_Your task_:
Every line from the one containing "Estado que presentaba" to the one containing "Donnerska skolans vänelever" in the records below, both included, must be set down exactly, and no other line.

_Exercise materials_:
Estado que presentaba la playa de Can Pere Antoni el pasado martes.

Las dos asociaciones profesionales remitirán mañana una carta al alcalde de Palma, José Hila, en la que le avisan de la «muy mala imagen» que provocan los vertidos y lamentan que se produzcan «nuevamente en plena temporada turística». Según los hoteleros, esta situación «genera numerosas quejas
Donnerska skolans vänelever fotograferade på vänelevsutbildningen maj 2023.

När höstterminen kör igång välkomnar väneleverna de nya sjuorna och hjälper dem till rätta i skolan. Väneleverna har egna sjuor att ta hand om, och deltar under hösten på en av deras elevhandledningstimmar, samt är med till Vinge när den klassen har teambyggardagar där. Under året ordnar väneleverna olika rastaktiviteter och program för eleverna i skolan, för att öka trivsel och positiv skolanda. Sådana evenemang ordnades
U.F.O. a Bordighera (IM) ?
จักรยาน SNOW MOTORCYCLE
---
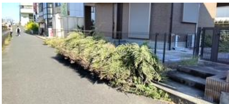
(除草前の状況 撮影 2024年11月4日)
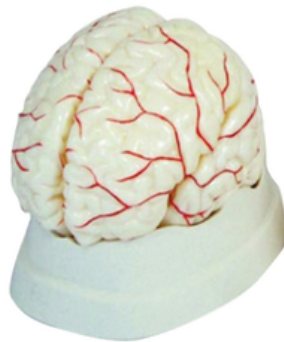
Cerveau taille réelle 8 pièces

_Result of this task_:
Estado que presentaba la playa de Can Pere Antoni el pasado martes.

Las dos asociaciones profesionales remitirán mañana una carta al alcalde de Palma, José Hila, en la que le avisan de la «muy mala imagen» que provocan los vertidos y lamentan que se produzcan «nuevamente en plena temporada turística». Según los hoteleros, esta situación «genera numerosas quejas
Donnerska skolans vänelever fotograferade på vänelevsutbildningen maj 2023.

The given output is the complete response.